BANDUNGMU.COM, Jakarta — Aisyiyah berperan-serta dalam Musyawarah Perempuan Nasional untuk Perencanaan Pembangunan (Munas Perempuan) yangg berjalan dari 17-18 April 2023.
Acara yangg berjalan secara hybrid dengan diikuti oleh tiga ribu wanita dari 38 provinsi, 136 kabupaten/kota, 664 desa/kelurahan/nagari ini dilaksanakan atas inisiatif delapan organisasi masyarakat sipil mitra INKLUSI yangg selama ini bekerja untuk keadilan dan kesetaraan gender, pemberdayaan perempuan, dan golongan marginal.
Organisasi tersebut adalah Aisyiyah, KAPAL Perempuan, Migrant CARE, BaKTI, PEKKA, Kemitraan, SIGAB, dan PKBI.
Kegiatan yangg juga bersinergi dengan Kemen PPPA dan Kementerian Perencanaan Pembangunan Nasional/BAPPENAS ini merupakan hasil konkret dari upaya kolaboratif antara organisasi masyarakat sipil yangg bekerja untuk wanita dan golongan marginal, pemerintah, dan mitra pembangunan untuk mendorong proses perencanaan pembangunan yangg inklusif dan berkesetaraan kelamin sehingga tidak ada seorang pun yangg tertinggal.
Munas Perempuan ini dimaksudkan untuk memastikan agar bunyi dan aspirasi perempuan, khususnya yangg berasal dari golongan marginal dapat diakomodasi dalam proses perencanaan pembangunan.
Selama ini, partisipasi yangg berarti tetap menjadi tantangan dalam proses perencanaan pembangunan.
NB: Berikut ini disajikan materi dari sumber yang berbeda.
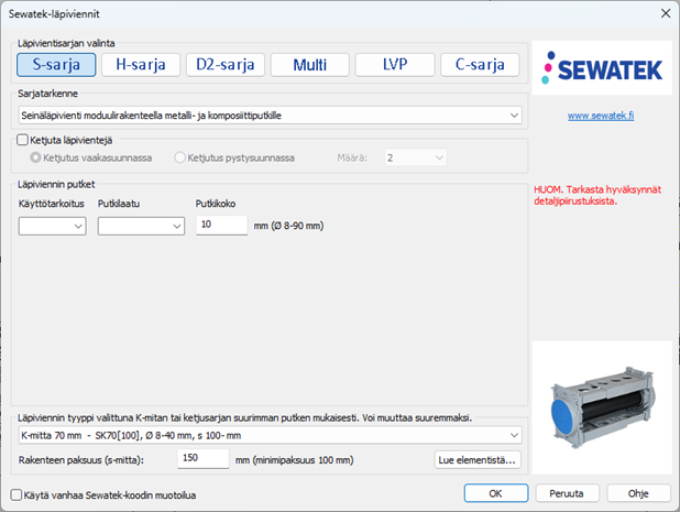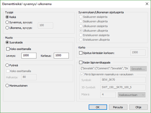 7. Valitse piirretäänkö läpivienti symboli naamakuvaan ja/tai 3D-malleihin. Sewatek-osia käytettäessä toiminto täydentää kentät automaattisesti.
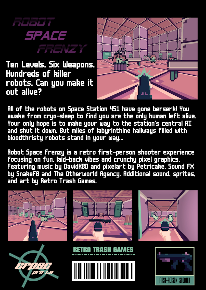Robot Space Frenzy is a retro FPS lovingly referred to by its creator as a "casual boomer shooter." The sense of speed and gunplay are meant to recall classics like Doom and Heretic, but more laid-back when it comes to difficulty.
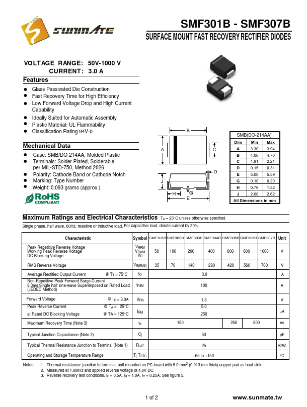 - This datasheet PDF includes multiple part numbers: SMF303B, SMF301B.
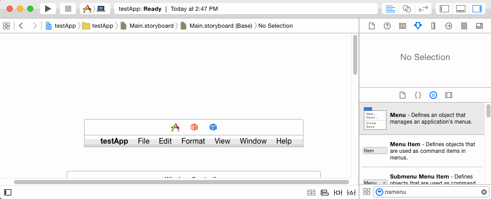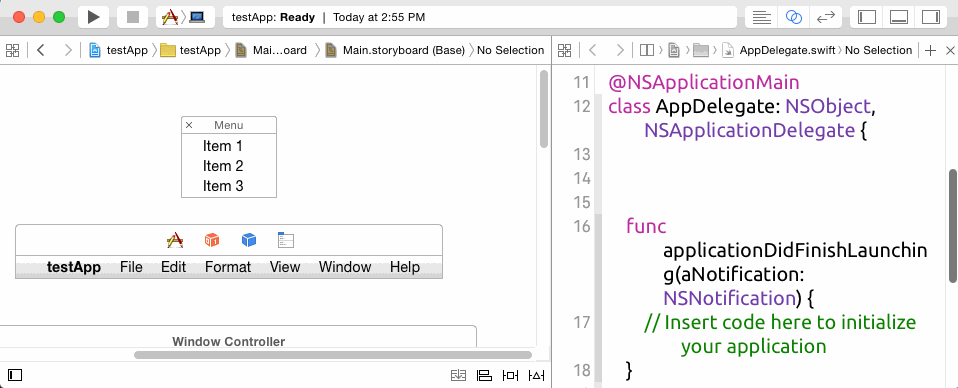 如果您想将菜单挂在状态栏项目上,您可以(从Xcode 7开始)在故事板中创建菜单。将NSMenu拖到应用程序场景中:
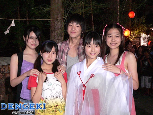 左から飛鳥凛さん(“園崎魅音”役)、小野恵令奈さん(“北条沙都子”役)、前田公輝さん(“前原圭一”役)、あいかさん(“古手梨花”役)、松山愛里さん(“竜宮レナ”役)。
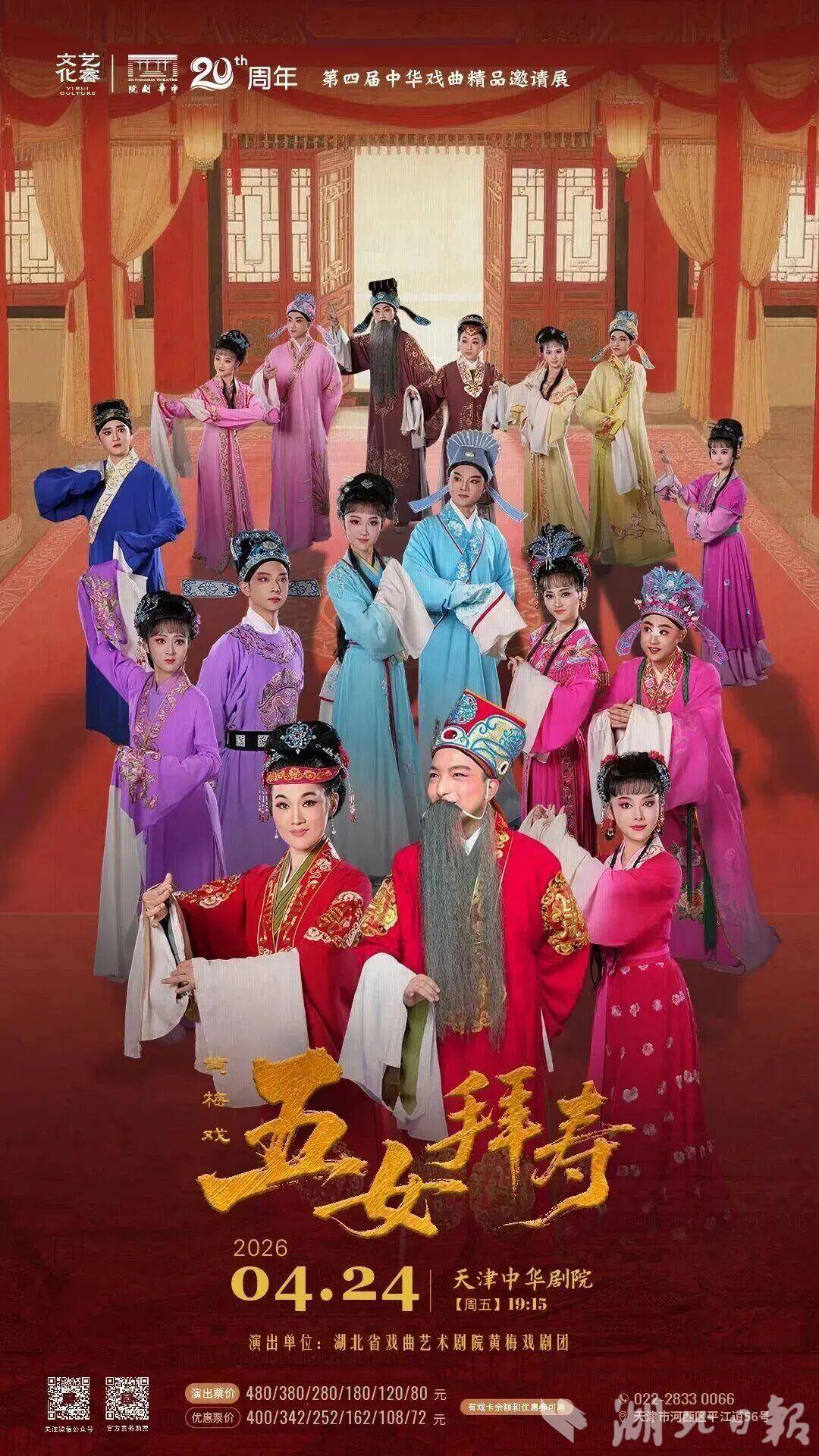 4月24日晚,鄂版黄梅戏《五女拜寿》将在天津中华剧院上演,由冯志刚、余银芳、杨雅岚、李洋等主演。该剧围绕明朝户部侍郎杨继康一家的官场沉浮展开———杨继康六十寿诞之际,众女儿、女婿奉厚礼进京拜寿,三女杨三春与三女婿邹应龙因贫寒被赶出杨府;后杨继康得罪权臣严嵩被削职抄家,唯有三女收留二老。直至三女婿邹应龙出仕朝堂,斗倒严嵩,杨家冤案方得昭雪。寿宴如同一面镜子,照出世态炎凉与真情可贵。全剧剧情起伏,扣人心弦。
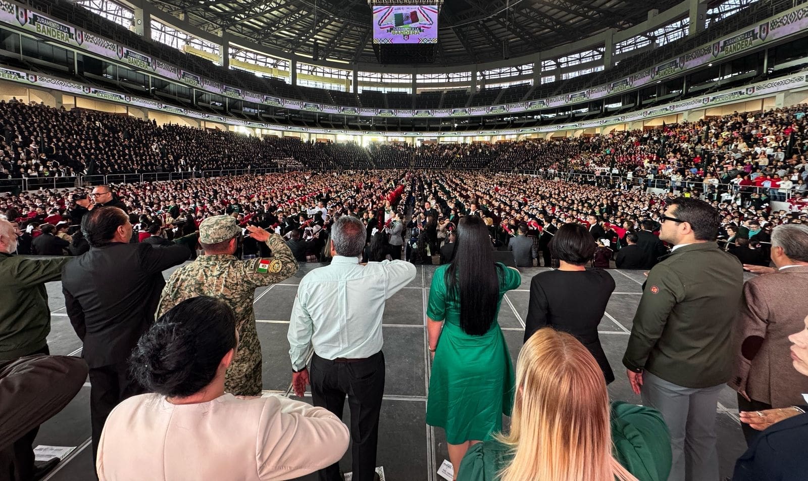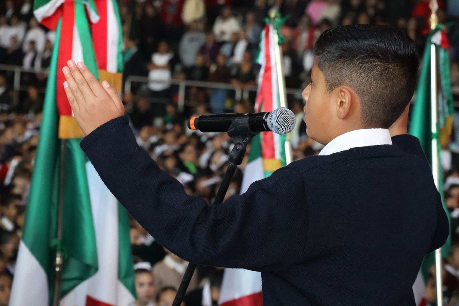 En el marco del fortalecimiento educativo que encabeza el Gobernador Ricardo Gallardo Cardona, el Sistema Educativo Estatal Regular (SEER) celebró la XXIV Ceremonia de Juramento a la Bandera con la participación de 4 mil 524 estudiantes de tercer grado de primaria de la capital y zonas conurbadas, en la Arena Potosí.
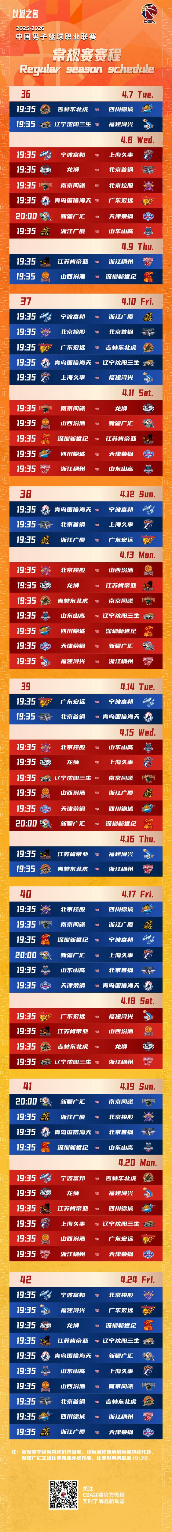 10月20日讯 CBA官方公布新赛季赛程,常规赛共42轮。比赛将于12月12日19:35开打,揭幕战为广厦VS山西(上赛季常规赛前二)。以下是赛程的详细情况:
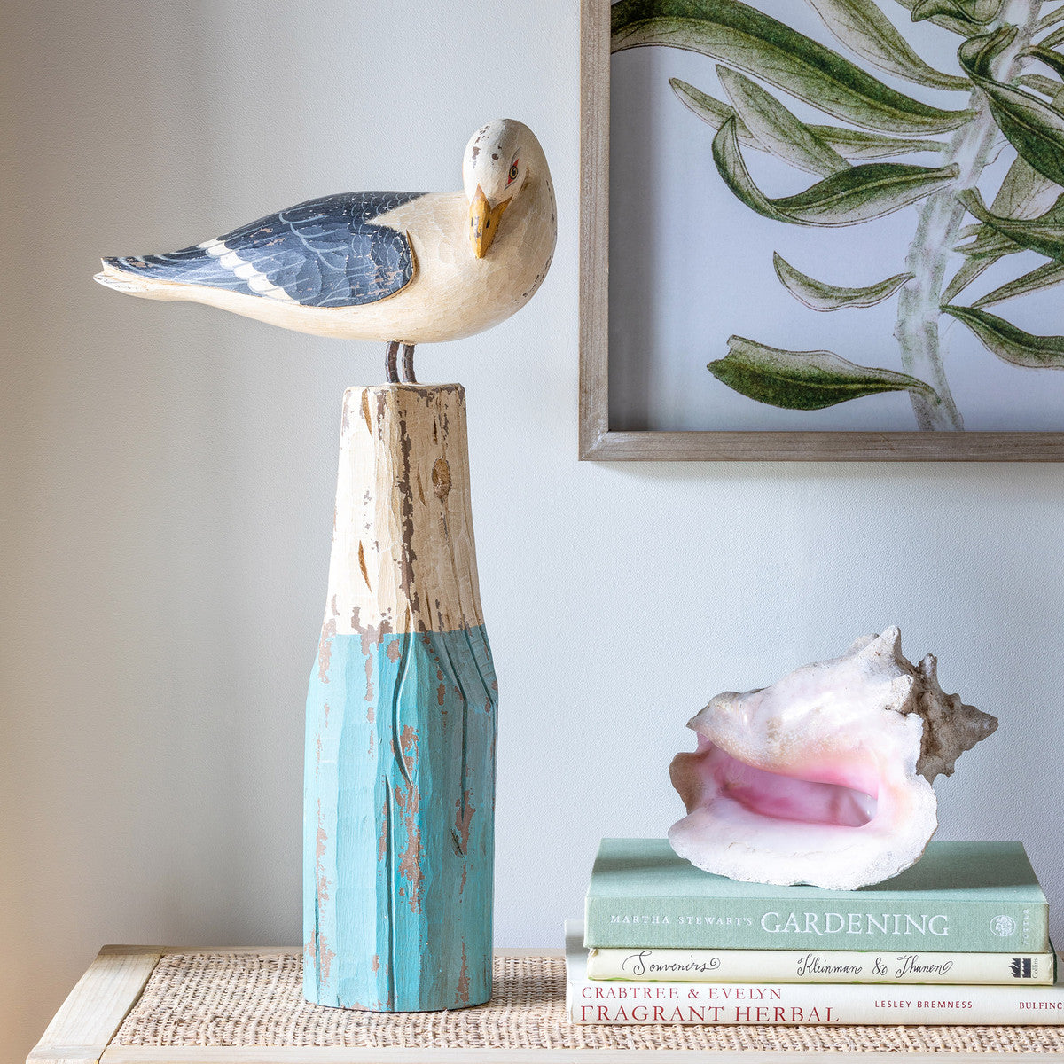 Embrace your wanderlust for the sea with our beechwood carved Black-Tailed Gull on Buoy. This beautiful artisan sculpture is hand painted with oceanic tones of black, white, and turquoise and lightly distressed.
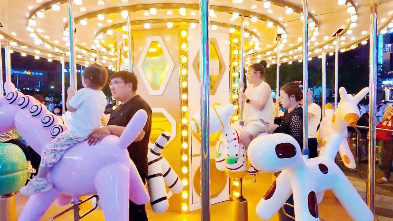 据了解,夜市不仅涵盖“吃喝购”,更设置了儿童娱乐区域,商户投入近200万元引入全新娱乐设施,旋转木马、充气城堡等设备让孩子们“乐不思蜀”。“灯饰天幕太漂亮了,孩子在儿童区玩得不肯走,在这里能吃到锦州的海鲜,以后会经常来。”市民贾美艳说。
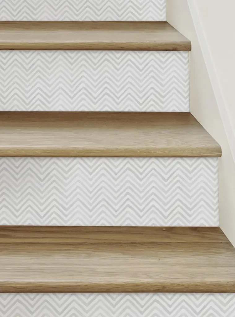 Watercolor Chevron Peel And Stick Stair Riser Strips, Grey, 48"w X 7"h, 6 Pack
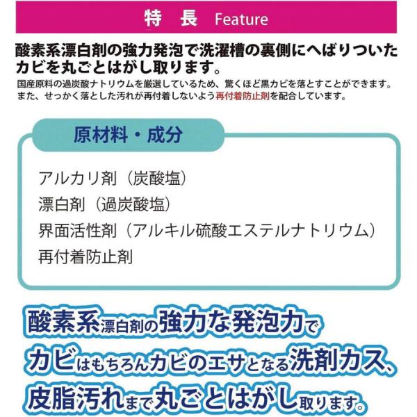 酸素系漂白剤の強力な発泡力で、カビ、洗剤カス、皮脂汚れをきれいに除去します。
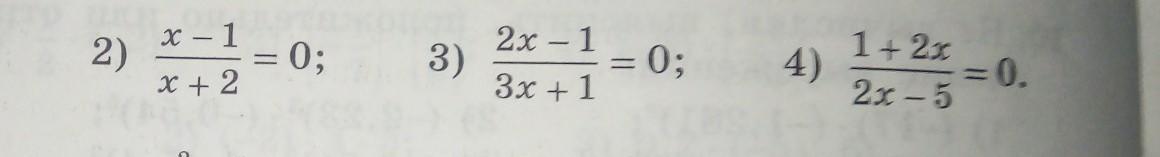 3)\ \ \dfrac{2x-1}{3x+1}=0\ \ \ \Rightarrow \ \ \ \left\{\begin{array}{l}2x-1=0\\3x+1\ne 0\end{array}\right\ \ \left\{\begin{array}{l}x=0,5\\x\ne -\dfrac{1}{3}\end{array}\right\\\\\\Otvet:\ \ x=0,5\ .

Aspirasi wanita dan golongan marginal seringkali luput dikarenakan adanya ketertindasan berlapis yangg disebabkan oleh bangunan patriarki, ketimpangan ekonomi, hegemoni mayoritas, dan letak geografis.
Dalam kesempatan tersebut Aisyiyah mengangkat rumor mengenai Hak Kesehatan Seksual dan Reproduksi (HKSR) Perempuan dan Remaja.
Tri Hastuti Nur Rochimah, Koordinator Program INKLUSI Aisyiyah menyampaikan bahwa rumor HKSR menjadi krusial dibahas dalam salah satu agenda Munas Perempuan lantaran akar dari Angka Kematian Ibu di Indonesia, Angka Kematian Bayi, kekerasan seksual, kehamilan tidak dikehendaki, dan tetap tingginya perkawinan anak dan stunting adalah dari minimnya akses kesehatan seksual dan reproduksi dari edukasi maupun layanan.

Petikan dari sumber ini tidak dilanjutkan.